Stacks & Stages


Stages add support for persistent data via a named stack, plus basic push/pop/peek operators.

Any task associated with compose.mk is able to use a stack just by mentioning it, regardless of whether it is inside or outside of a container.

Stacks live on the filesystem usually at the project root, and are JSON-backed. Ultimately the push/pop/etc operators are implemented with jq and jb, using local tools if available but falling back to docker for a portable implementation. (For more background, see the docs on structured IO and proxy wrappers.)

Other than the datastructure itself, there are few restrictions or isolation guarantees about how that data is used, or where it's used from. By default, there are no isolation guarantees at the level of PIDs, parent PIDs, or container. However, isolation per compose.mk managed project is usually implicit, because stages are uniquely determined by the stage name and the working directory when the stage is used.

Since access to the stage-stack should "just work" from the docker host or a container, and works inside or outside the particular subshell for any existing make-target, this adds a lot of missing flexibility for "crosswise" communication that task-DAGs and pipelining would usually struggle with.
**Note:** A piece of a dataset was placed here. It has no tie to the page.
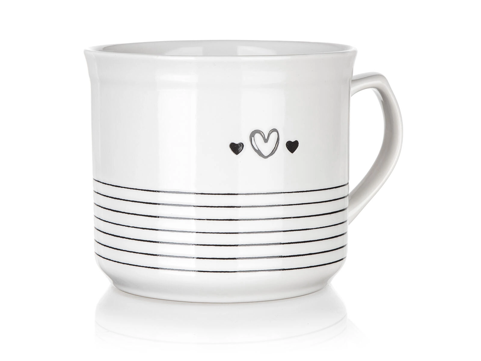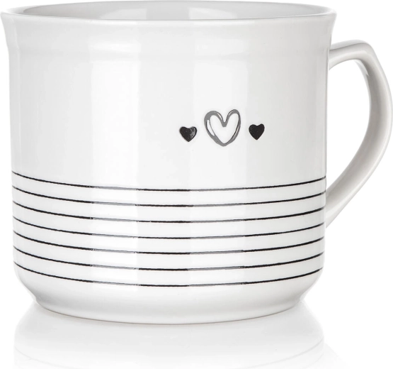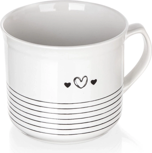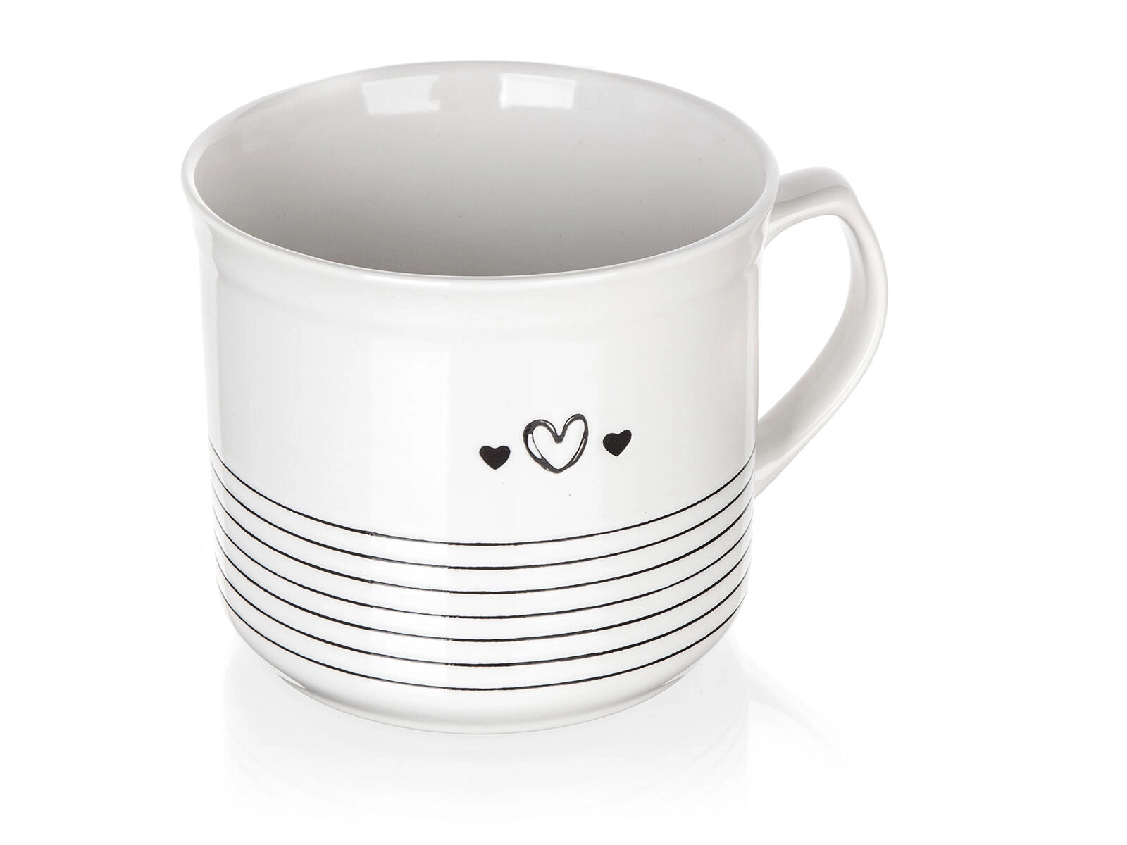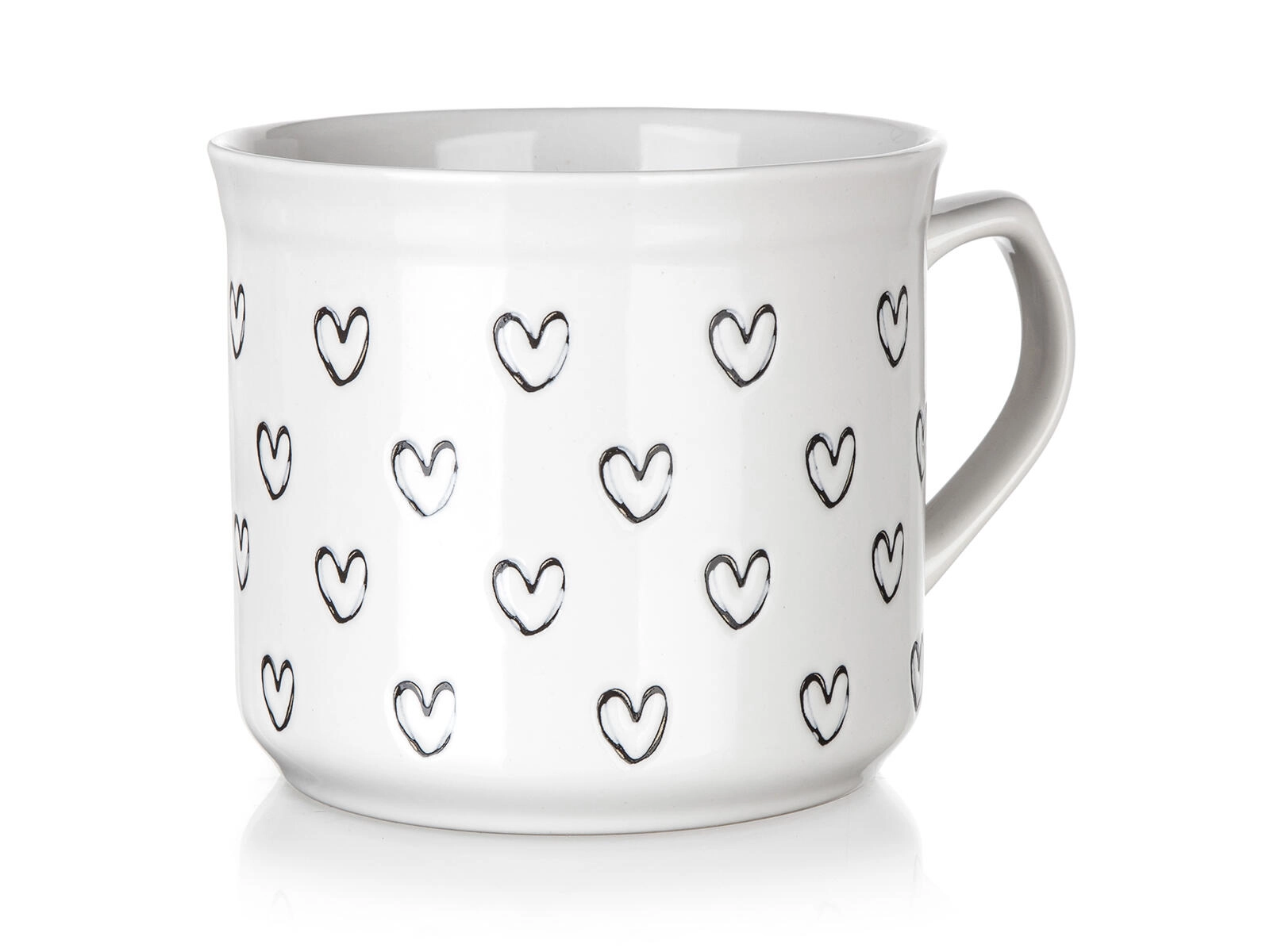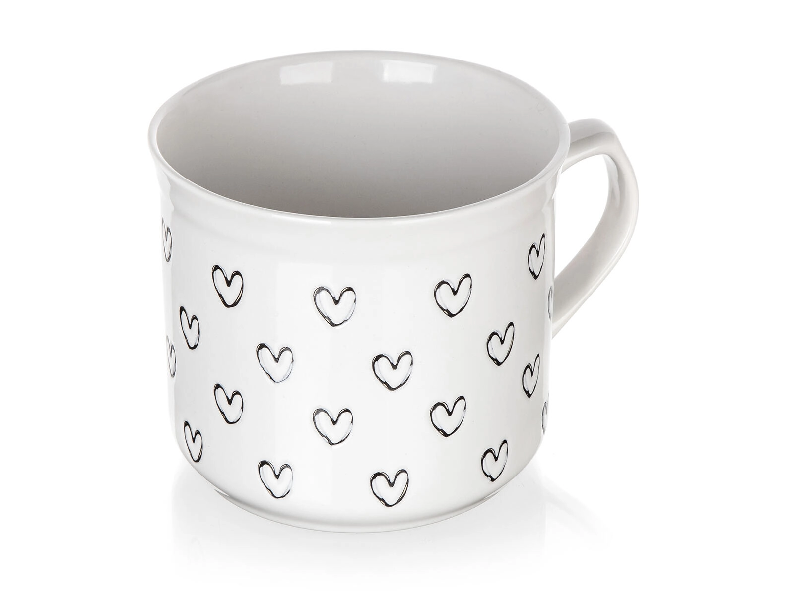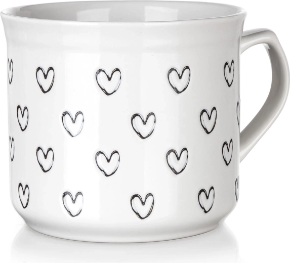 Užite si svoje obľúbené horúce nápoje so štýlom s veľkým keramickým hrnčekom s perokresbou srdiečok. Vďaka objemu 660 ml je perfektný na dlhé ranné kafe aj poctivý bylinkový čaj. Lesklá glazúra a čistý biely základ s čiernymi detailmi dodajú vašej kuchyni nadčasovú eleganciu.

The point of stacks and stages is to have something small, fast, and light that you use out of the box or build on top of. Stage-stacks in compose.mk are a project-local datastructure that feels native, is basically dependency free, and is actually kind of scalable. After all.. jq will be happy to chug through a very large pile of JSON indeed, and file IO is a bottleneck, switching to shared memory is straightforward.

Stage Basics


At a high level, these are the rules for stages:

  • Once entered, a stage lives forever unless explicitly exited,
  • The lifetime of a stage-stack is just the lifetime of the stage
  • Stages may be re-entered from anywhere without an exit, and
  • Entering and exiting stages leaves time-stamped events inside the stack
  • Any reference to a non-existent stage enters the stage implicitly, creating the stage-stack

Stack-operations are logged by default to stderr, so it's easy for users or devs to keep track of the stack state. Stages also automatically get a banner / visual divider on entry, helpful for making automation output more readable.

You can use stages via stand-alone mode or programmatically from script, and either way it looks pretty similar.
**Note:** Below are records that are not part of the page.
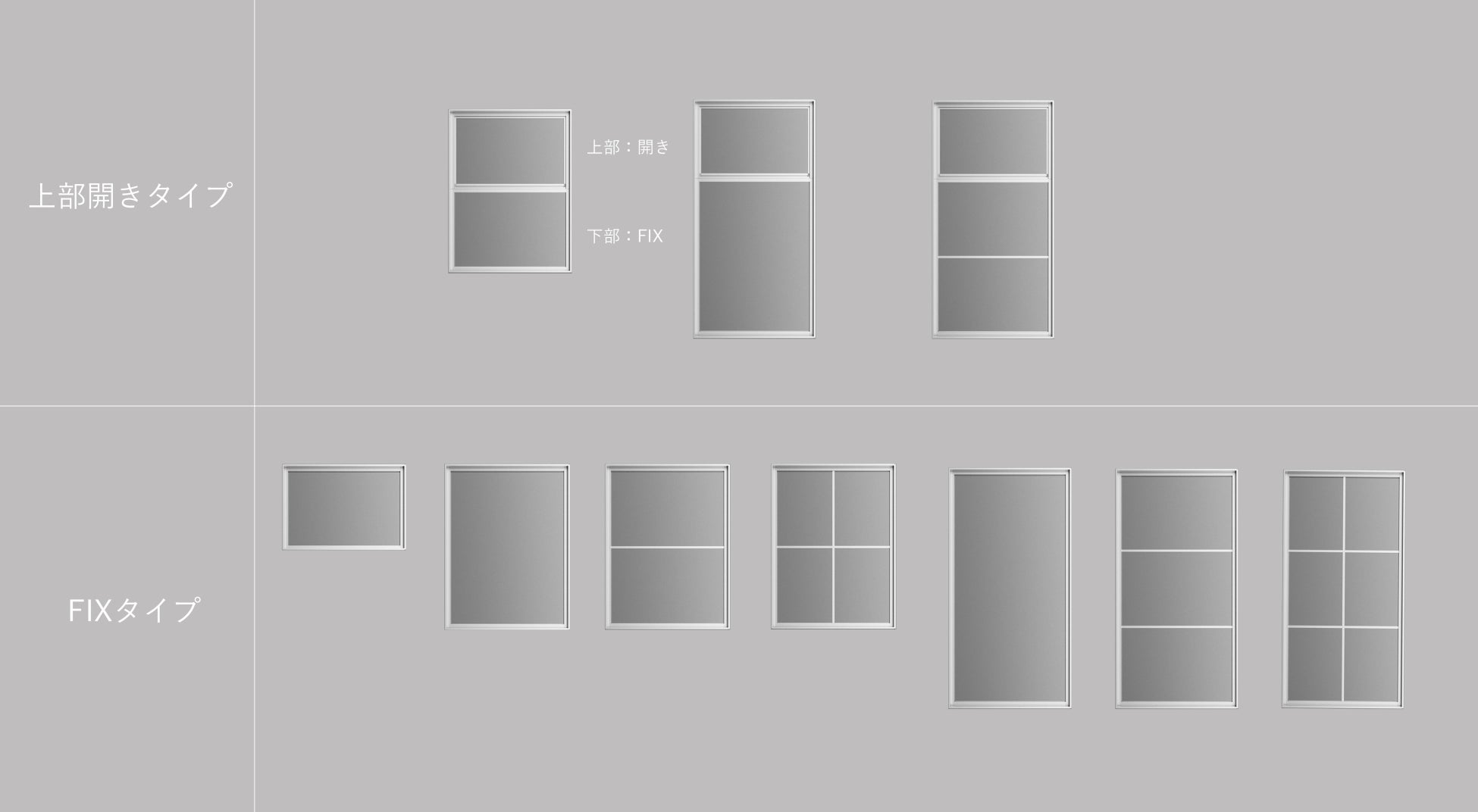 ■製品タイプ FIXタイプ(格子あり/格子なし)、上部上開きタイプ。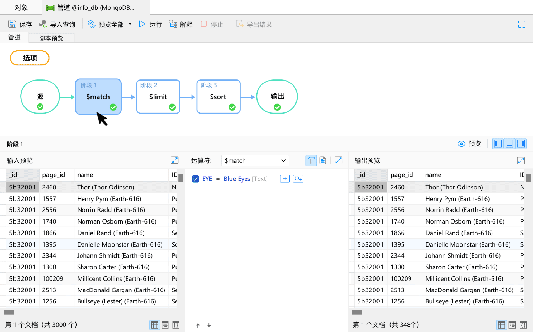 通过清晰且响应迅速的 UI 逐步构建聚合管道。你可以使用拖放功能来添加和重新排列阶段,以实现所需的数据流。通过此可视化界面,你可以跟踪每个阶段的数据流。它提供管道不同阶段的即时反馈和结果预览。Navicat 使你能够验证数据转换的准确性和正确性,并对管道微调以获得最佳性能。
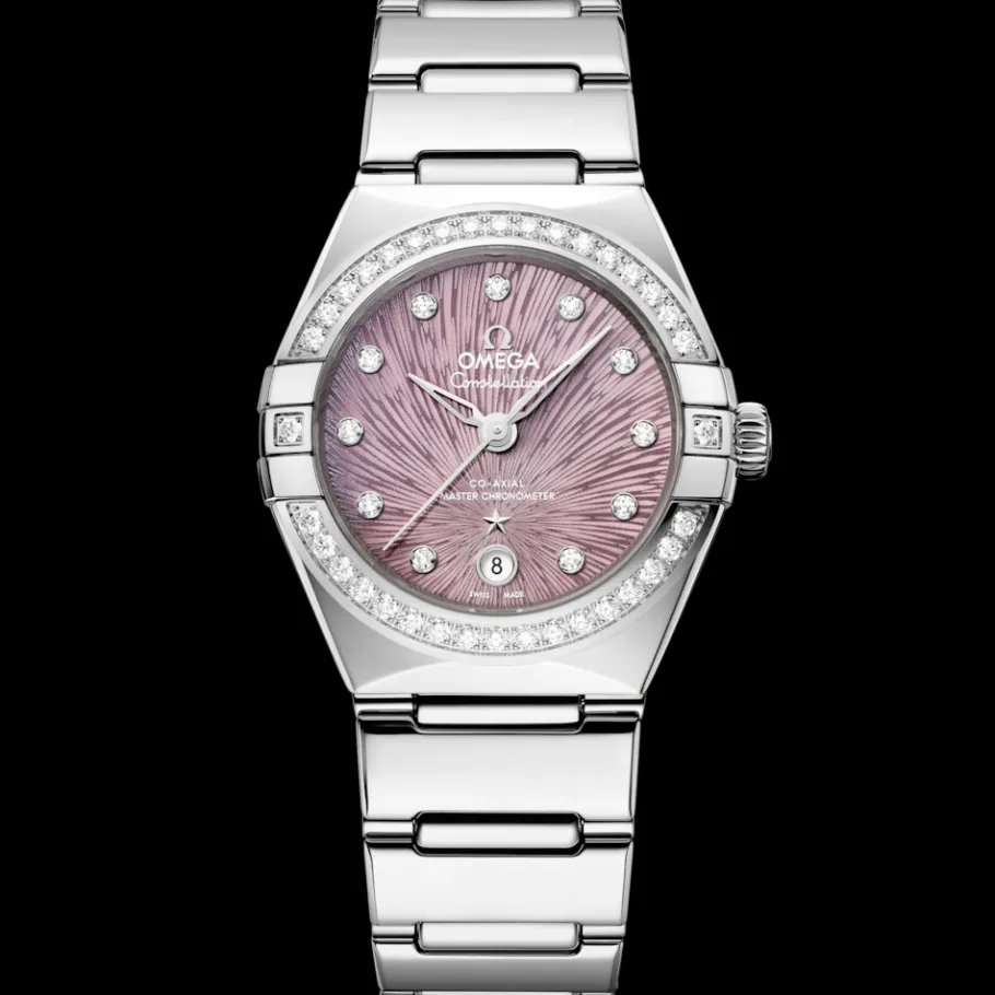 Ce modèle en acier inoxydable de 29 mm arbore une lunette éclatante pavée de diamants. Le cadran en PVD lilas est orné d’un motif Supernova unique réalisé par gravure électrochimique, ainsi que d’un guichet de date à 6 heures, d’aiguilles et d’une étoile en or blanc 18K, et d’index en diamants avec chatons en or blanc 18K.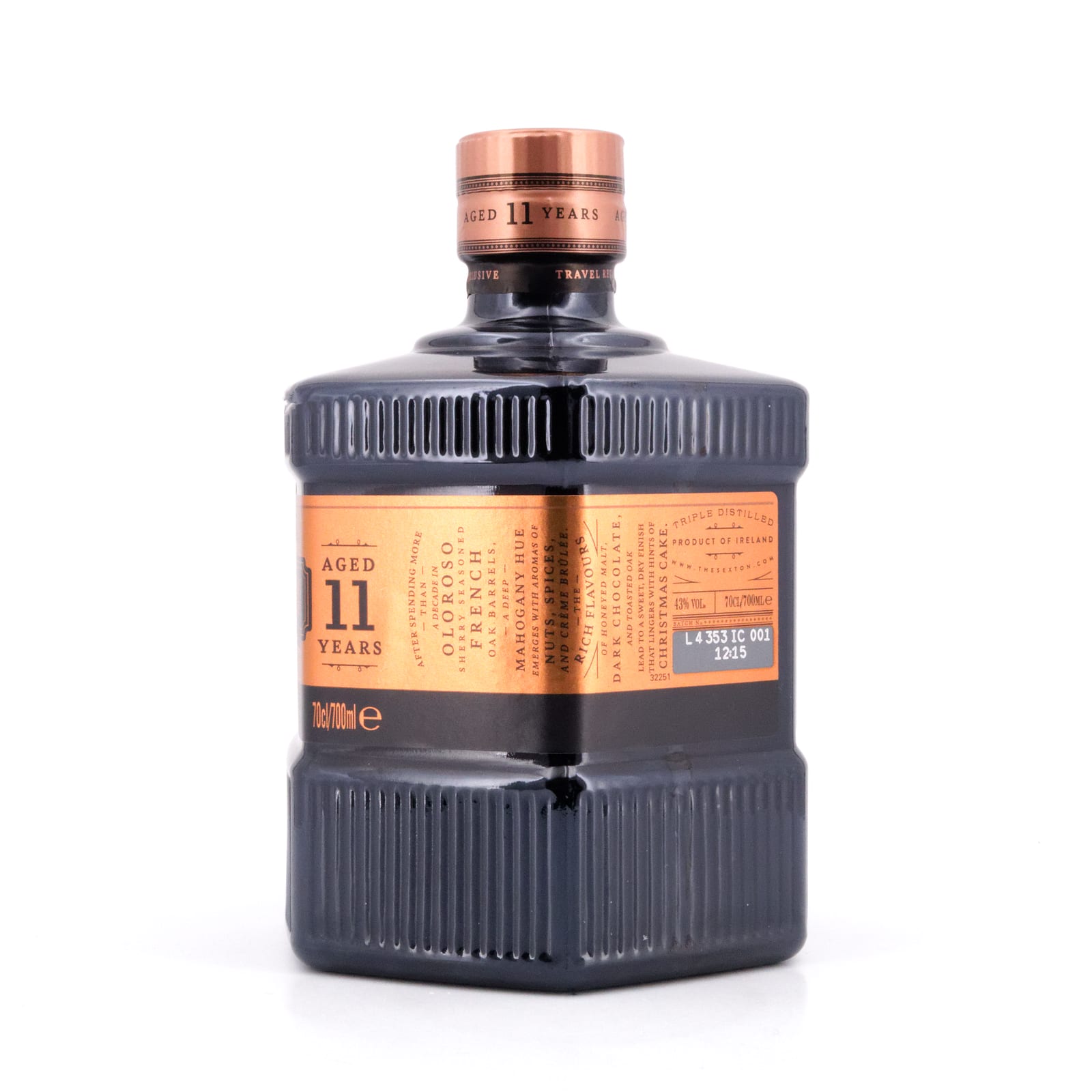 The Sexton ist bekannt für seine modernen und dennoch traditionsbewussten irischen Single Malts. Mit der 11-jährigen Abfüllung präsentiert die Marke erstmals einen Whiskey mit Altersangabe. Dieser außergewöhnliche Single Malt reifte über ein Jahrzehnt in ehemaligen Oloroso-Sherryfässern aus französischer Eiche und bietet eine unverwechselbare Tiefe und Komplexität.

Stages in Stand Alone Mode


Creating a stack is just mentioning it.

$ ./compose.mk flux.stage.enter/BUILD

╔═══════════════════════════════════════════════════════════╗
║                           BUILD                           ║
╚═══════════════════════════════════════════════════════════╝
⇄ flux.stage // BUILD //  stack file @ .flux.stage.BUILD
Φ flux.stage.push // BUILD  io.stack.push // stack@.flux.stage.BUILD   {"stage.entered":"Mon 24 Feb 2025 08:53:39 PM PST"}

Pushing data works with pipes:

$ echo '{"data":789}' | ./compose.mk flux.stage.push/BUILD

Φ flux.stage.push // BUILD  io.stack.push // stack@.flux.stage.BUILD   {"data":789}

You can also use the builtin wrapper for jb like this:

$ ./compose.mk jb foo=bar | ./compose.mk flux.stage.push/BUILD

Popping data is pipe-safe JSON for downstream, but stderr is annotated for humans.
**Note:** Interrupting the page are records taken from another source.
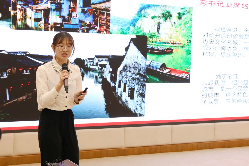 我校“越讲越响”教授博士宣讲团成员肖会舜博士和“越讲越红”大学生宣讲团成员孙袁、王玉瑶同学,分别以“共同富裕‘浙’里有模有样”“山海协作,奏响浙江共同富裕幸福歌”“‘浙’样干,我看‘兴’”为题宣讲,拉开了覆盖全市的青年宣讲活动序幕。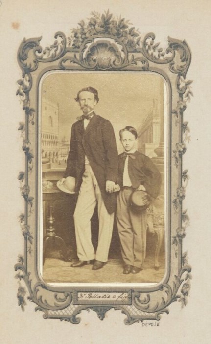 Coppia Pellatis, padre e figlio, ritratti in studio; alle loro spalle un fondale raffigurante Venezia.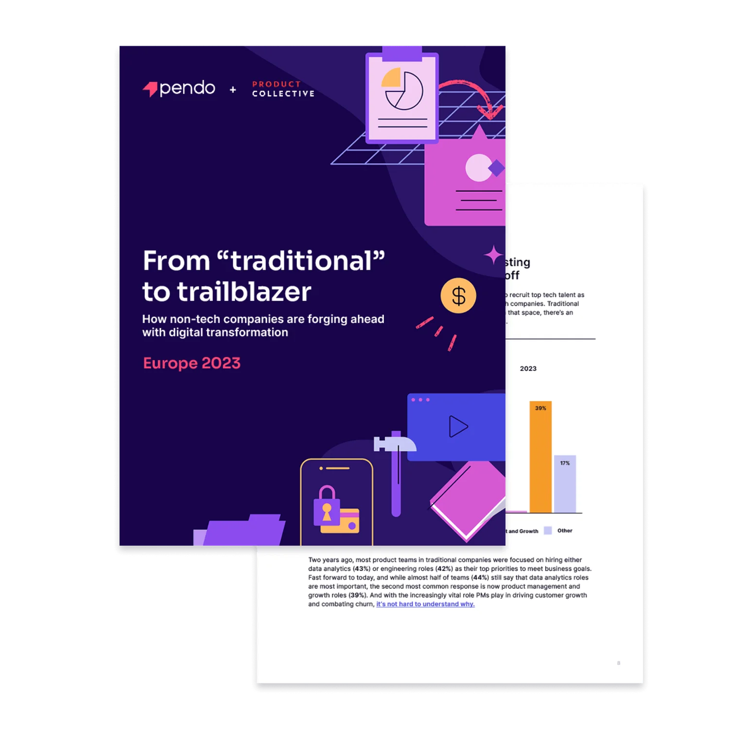 Pendo and Product Collective partnered with a third-party agency in April and May 2023 to conduct a global survey of more than 1,200 non-tech companies with 500 or more employees across the U.S. and Europe. The goal was to gauge the extent to which traditional businesses are acquiring the talent, tools, and strategies typically used by technology companies as they undergo digital transformation.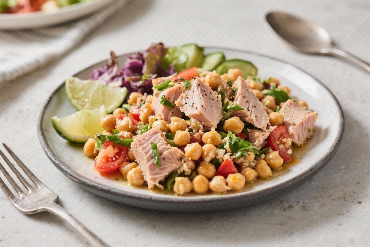 • High-quality protein: Tuna and chickpeas provide complete and complementary protein to support muscle repair and satiety.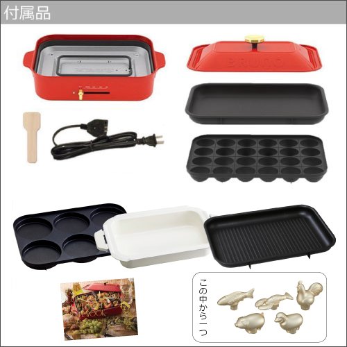 【부속품】뚜껑×1,평평함등 플레이트×1,타코야끼 플레이트×1, 멀티 플레이트×1,그릴 플레이트×1, 세라믹 코트과,레시피(요리처리법) 북,데코레이션 노브,목제 스파《추라》×1

$ ./compose.mk flux.stage.pop/BUILD
Φ flux.stage.pop // BUILD
⇄ io.stack.pop // stack@.flux.stage.BUILD {
  "data": 789
}

$ ./compose.mk flux.stage.pop/BUILD
Φ flux.stage.pop // BUILD
⇄ io.stack.pop // stack@.flux.stage.BUILD {
  "stage.entered": "Mon 24 Feb 2025 08:53:39 PM PST"
}

$ ./compose.mk flux.stage.exit/BUILD
Φ flux.stage.clean // BUILD //  removing stack file @  .flux.stage.BUILD

Stage Idioms


If you're scripting with stages, the main difference is that flux.stage.enter and flux.stage.exit can be used like function decorators:

Summary
#!/usr/bin/env -S make -f
# demos/stages-idiom.mk: 
#
#   Demonstrating stages, stacks, and artifact-related features of compose.mk
#   Part of the `compose.mk` repo. This file runs as part of the test-suite.  
#   See the docs for more discussion: https://robot-wranglers.github.io/compose.mk/stages
#
#   USAGE: ./demos/stages-idiom.mk

include compose.mk
.DEFAULT_GOAL := validate

# Wrap targets with entry/exit as an explicit context-manager
validate: \
    flux.stage.enter/VALIDATION \
        project.scan \
        project.analyze \
    flux.stage.exit/VALIDATION

project.scan:
    echo '["results"]' | ./compose.mk flux.stage.push/VALIDATION

project.analyze:
    echo '["other results"]' | ./compose.mk flux.stage.push/VALIDATION

In this case when validate succeeds the stage file is cleaned like we'd expect, and if there's a crash then partial results can be inspected. There are various ways to write this, like replacing calls to ./compose.mk with ${make} expansions, or using macros instead of targets, but the idea is the same.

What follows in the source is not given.